UMass Boston gerontologists offered legislators two suggestions for state government in the midst of the COVID-19 pandemic: Help researchers better understand what has happened to older adults and get elder Massachusetts residents prepared for a more challenging future.
Gerontology Institute Director Len Fishman, associate professor Elizabeth Dugan and professor Jan Mutchler all appeared individually at a May 15 virtual listening session hosted by the legislature’s Joint Committee on Elder Affairs. They joined a wide range of advocates, policymakers and other members of the public to describe the impact the pandemic has had on older adults and what state government should do to help.

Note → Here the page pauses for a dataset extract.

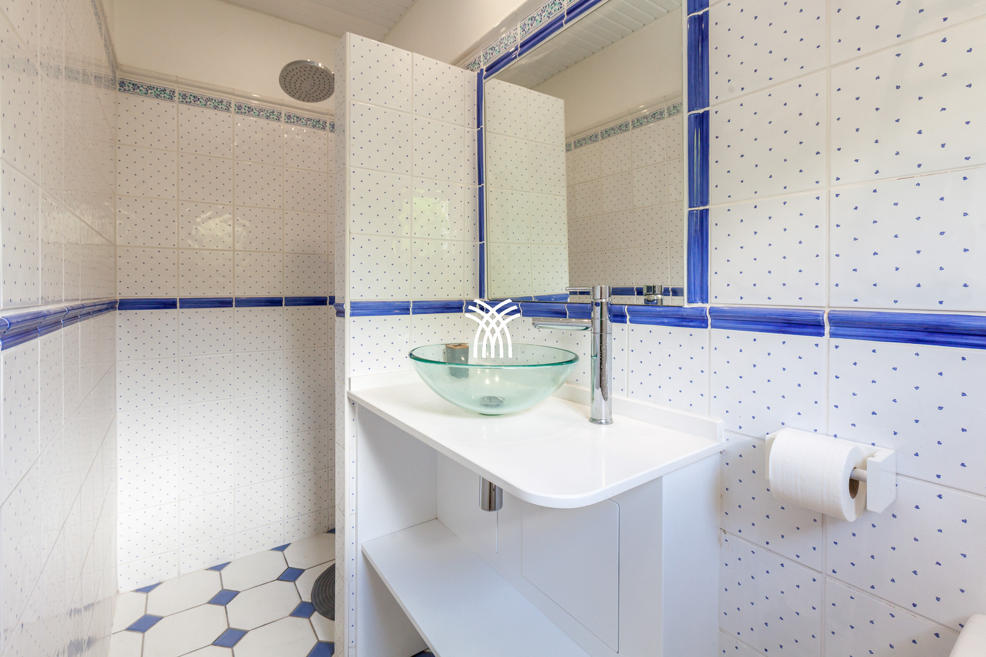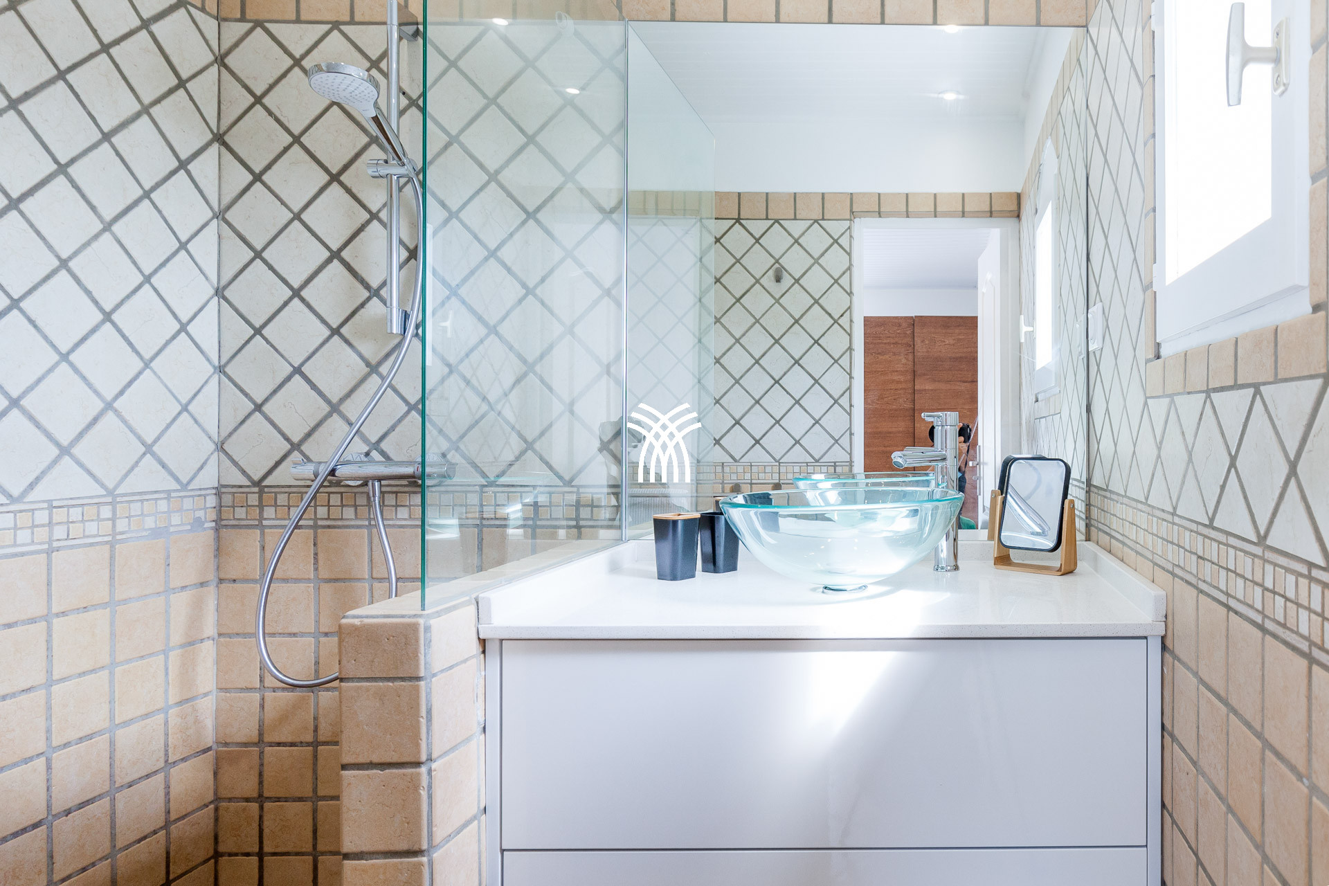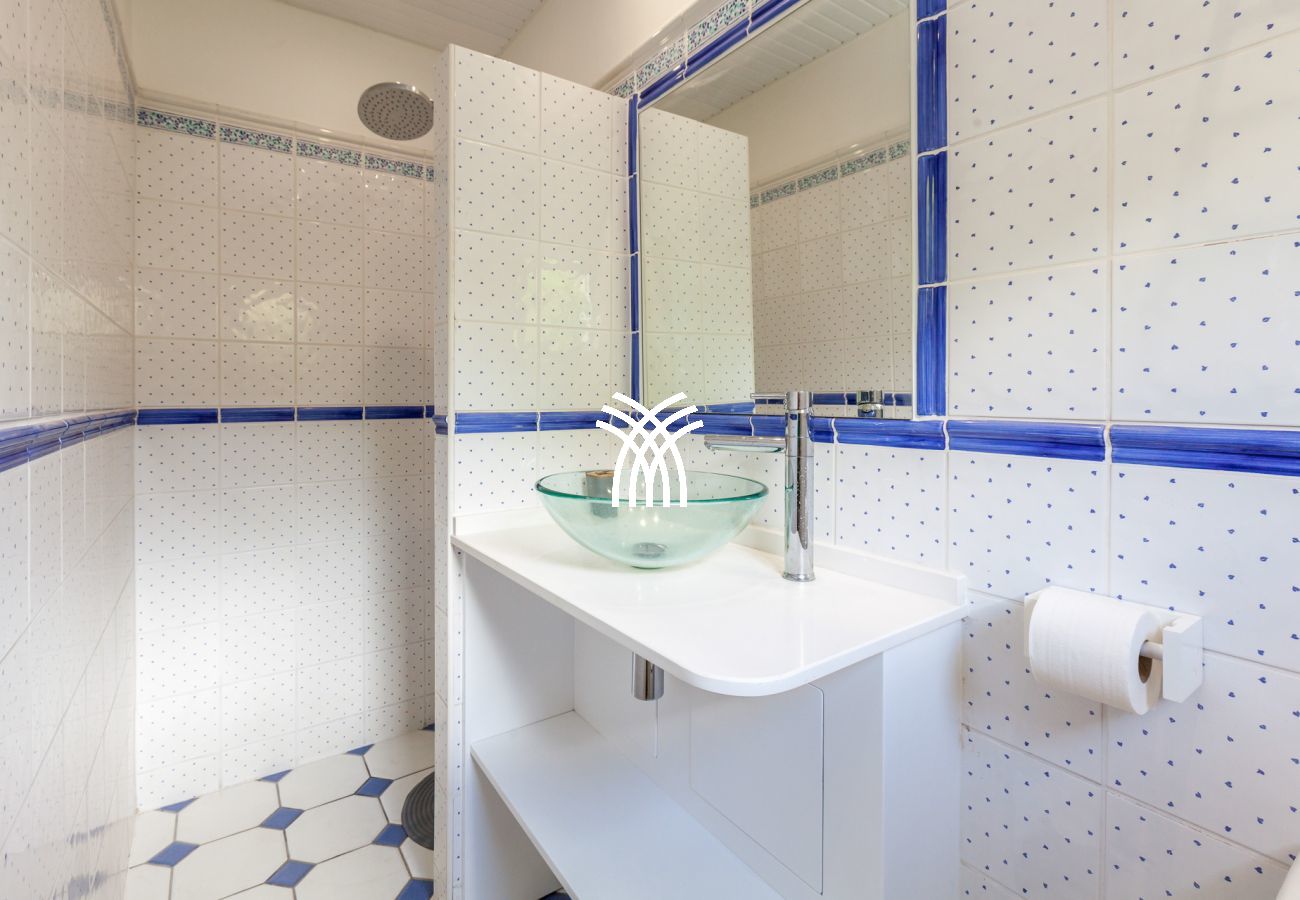 La villa dispose de cinq chambres climatisées, conçues pour allier confort et intimité. La suite parentale, spacieuse et élégante, s’ouvre sur une terrasse avec vue sur la mer et dispose d’une salle de bain en travertin. Deux chambres au rez-de-chaussée partagent une salle d’eau et offrent un cadre chaleureux pour vos invités. Les deux chambres situées au niveau inférieur, accessibles par un escalier, bénéficient d’un espace supplémentaire avec une salle de jeu équipée d’un babyfoot, idéal pour les enfants ou les adolescents. Une mini-suite avec terrasse privée et une grande chambre avec mobilier en bois des Andes complètent cet espace, alliant raffinement et fonctionnalité.

Fishman pointed out that nursing homes already collect large amounts of health information about residents for the federally mandated Minimum Data Set, a standardized assessment document, that could be used in evaluating facility performance. However, he told legislators that more detailed data was needed from nursing homes, where about 60 percent of Massachusetts residents who died from the virus had resided.

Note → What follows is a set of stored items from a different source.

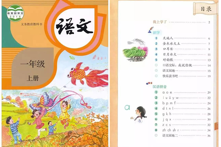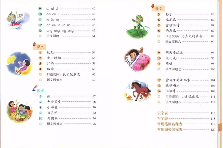 今年新入學(xué)的小學(xué)生拿到語文課本后,打開書,是這樣的:
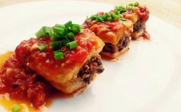 The first dish is called "TAM SẮC MỸ NHÂN" (Three-Colored Beauty): tofu stuffed with minced meat, fried and served with tomato sauce and fresh lettuce, paired with soy sauce for dipping. This dish is named for its three distinct colors, each symbolizing different aspects of a woman’s virtues:
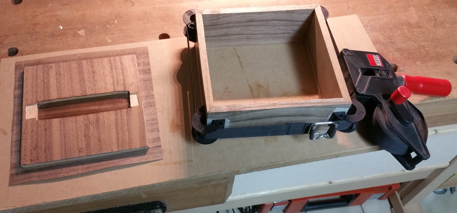 Als erstes habe ich aus Multiplex die Front mit der Aussparung für das Display zugesägt. Dieses Teil wurde dann beidseitig (muss sein, sonst verbiegt das Holz zu sehr) funiert (hier dünnes Nussbaumfurnier), innen wurde die Aussparung für das Display ausgeschnitten, außen wurde ein ca. 1,5 cm breiter Rand zugeschnitten. Der Korpus besteht aus Nussbaum. Vier Bretter gleichen Ausmaßes, wurden zu einem Korpus verleimt..
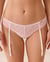Une culotte brésilienne qui sublime vos courbes au quotidien ou lors d'occasions un peu plus spéciales. Elle explore les contrastes, entre une résille qui laisse deviner la peau et le relief presque poétique des broderies florales. Le regard suit la courbe des hanches jusqu'aux jarretelles, que vous ajustez ou retirez au gré de vos envies.
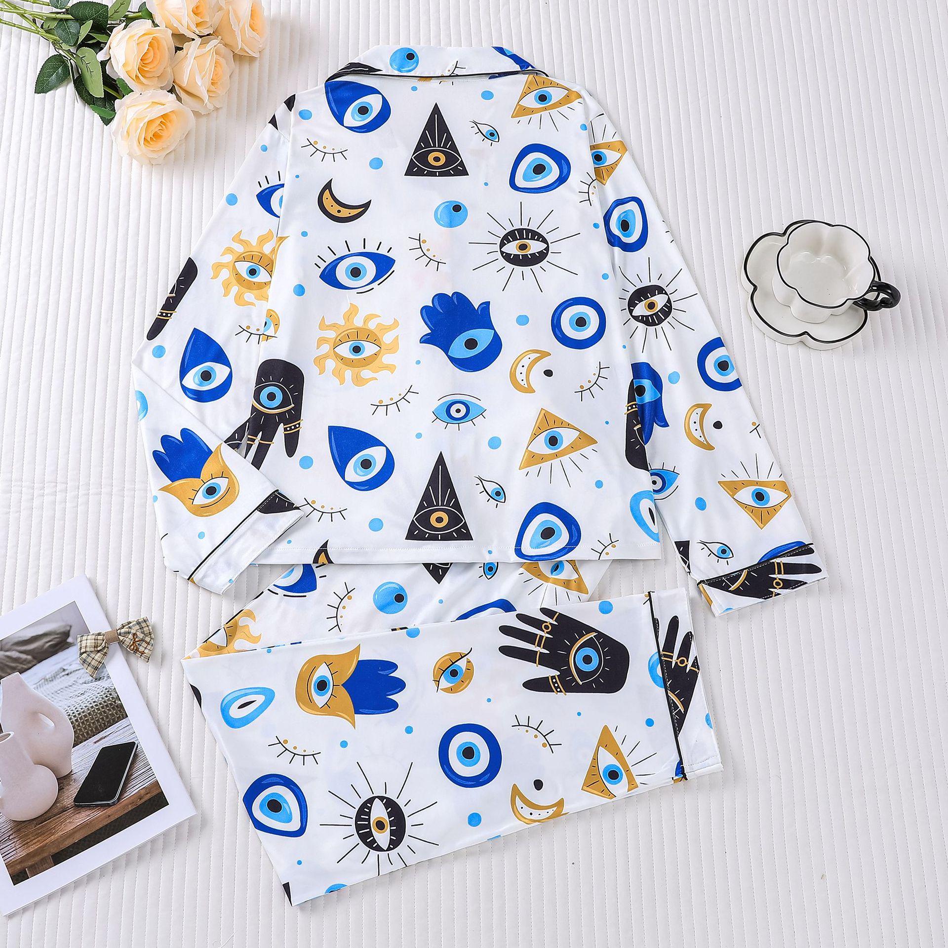 Pijama Nuevo para Mujer Estampado Cuello Vuelto Manga Larga Pantalón Largo Ropa de Casa Europea y Americana pijama mujer
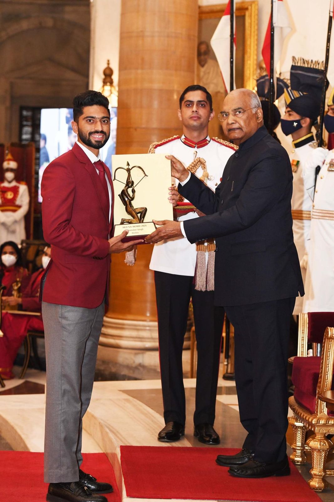 PNB Hockey Team member Olympian Sh. Shamsher Singh, receiving Arjuna Award 2021 from the President of India
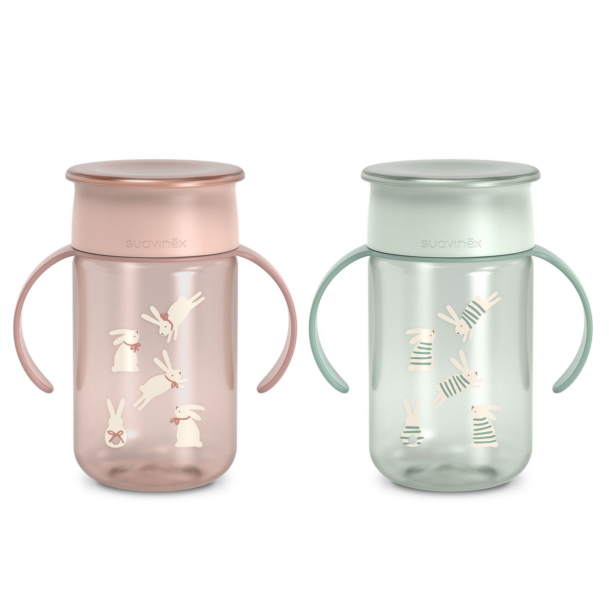 Tento detský pohár umožňuje piť z akejkoľvek strany okraja bez toho, aby sa tekutina rozliala. Nevylievací pohár 360° je ideálnou pomôckou na prechod na klasický pohár – bez kvapkania, bez škvŕn a bez zbytočného neporiadku.

He said nursing homes should be required to collect and report a limited amount of additional individual-level information “that would transform our ability to manage the pandemic in nursing homes, starting with basic epidemiology, the prevalence of COVID and the incidence of new cases.” He said other reporting items might include medications given to treat the virus in nursing homes, hospital and emergency department visits, as well as deaths from COVID-19.

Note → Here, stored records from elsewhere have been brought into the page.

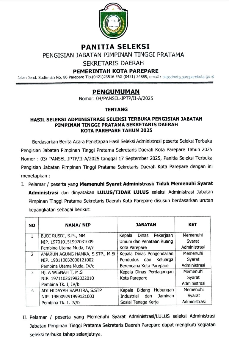 PAREPARE, KLUPAS.COM – Perebutan kursi Sekretaris Daerah (Sekda) Kota Parepare memasuki babak baru. Panitia Seleksi Jabatan Pimpinan Tinggi Pratama (JPTP) resmi mengumumkan hasil seleksi administrasi, dan hanya empat pejabat dinyatakan lolos untuk melangkah ke tahap selanjutnya.
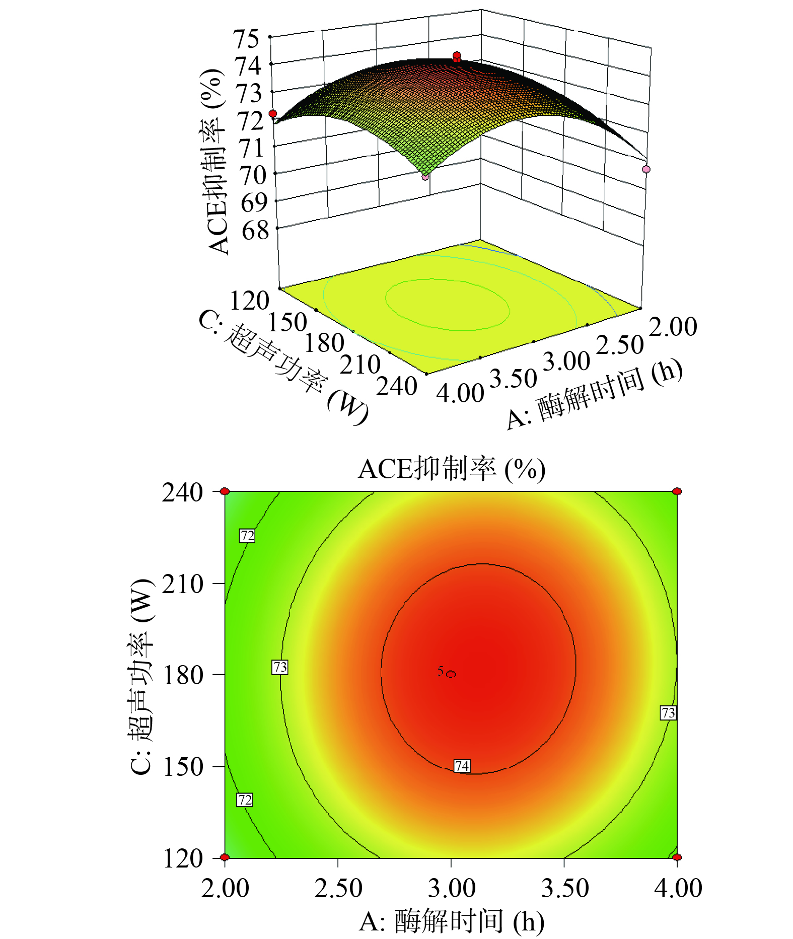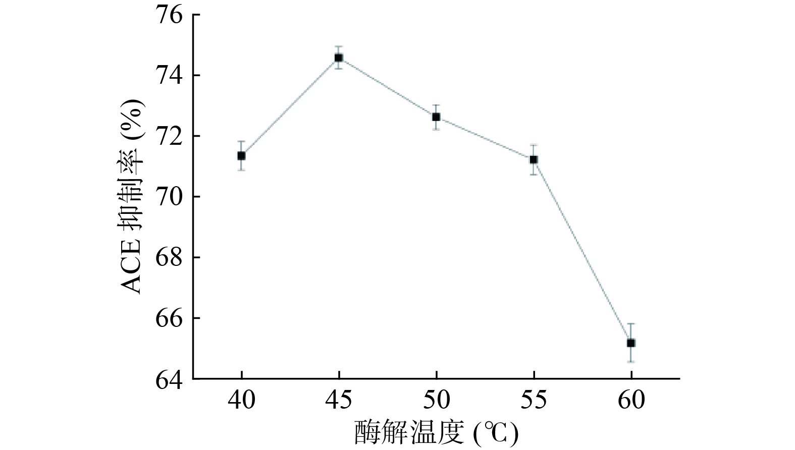 Cyperus esculentus ACE inhibitory peptide, and the best auxiliary enzyme was selected through the inhibition experiment of angiotensin converting enzyme. The results showed that the optimal process conditions for the ultrasonic-assisted enzymatic extraction of
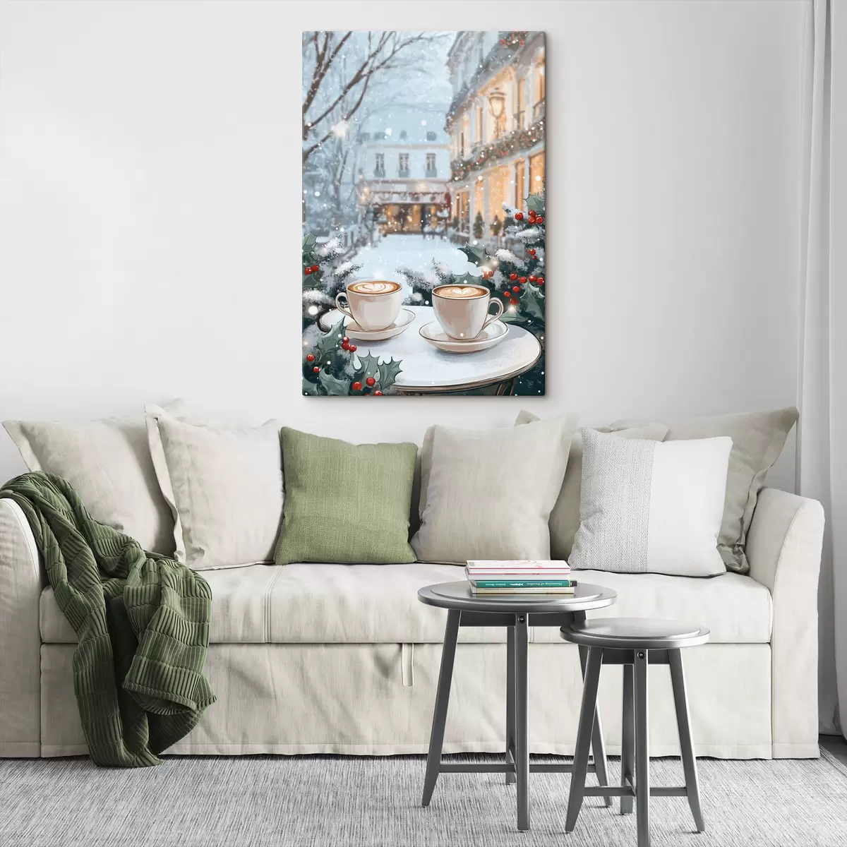 Gemälde Tassen Kaffee im gemütlichen Cafe, Winterästhetik, Boho-Stil Art. s42797

Fishman said that information would allow analysts and researchers to answer critical questions, such as which nursing home staffing patterns and care processes are associated with low incidence of COVID-19, how the effects of virus treatments differed between nursing home residents and other populations and which respiratory therapies are most helpful in preventing hospitalization or death.
He said the information could “save hundreds, if not thousands, of lives and avoid untold suffering. But it would require our state government to act in a new and bold way by adopting 21st century data analytics that are the bread and butter of researchers and other analysts in the public and private sectors.”
Dugan described work she and her UMass Boston research team has done recently to apply their Massachusetts Healthy Aging Data Report to incidence of COVID-19 in the state.
The report is a comprehensive look at 179 health indicators for older Massachusetts residents, producing detailed town-level information about local elders. Dugan and her team have isolated information about conditions that apply commonly to COVID-19 patients — such as lung issues, hypertension and diabetes – in an attempt to identify areas of the state where older residents may remain more vulnerable to the virus.
But Dugan also stressed the need for access to information, particularly detailed data on fatalities, for researchers to be able to provide their best recommendations and guidance to legislators and other policymakers.
“It looks like we’ll be living with the virus for some time and data access can help us adapt to this new reality, and inform smart policy and programs going forward,” said Dugan.
Mutchler noted that older Massachusetts residents were already struggling financially before the outbreak of COVID-19. Almost certainly, their circumstances will become more difficult in the immediate future.
The Elder Index, an online resource tracking the realistic living expenses of older adults in every U.S. county, identifies relatively high costs for elders in Massachusetts. The index, developed by Mutchler’s Center for Social and Demographic Research on Aging, and state income data shows older adults living independently in Massachusetts already faced one of the nation’s highest rates of elder economic insecurity.
Mutchler noted that many elders continued to work in order to make ends meet. About one in every four Massachusetts residents age 65 or older worked last year. Very high unemployment rates, which are already the case, pose particular problems for older adults.
“For them, employment disruption often ends up having permanent consequences,” she said. “In this downturn, with so many people competing for jobs, older workers may have an especially hard time. Additional job loss may occur because of health vulnerability.”
Mutchler recommended state officials take a series of steps to support older residents who may face greater economic insecurity, including:
- making sure people know about existing assistance programs for fuel, food and other necessities.
- taking older people into account in strategies to reopen the economy.
- making sure older people understand long-term implications they face drawing down retirement resources and taking early Social Security benefits.
- strengthening the capacity of local councils on aging and other organizations providing information to residents seeking to bridge the gap between income and living expenses.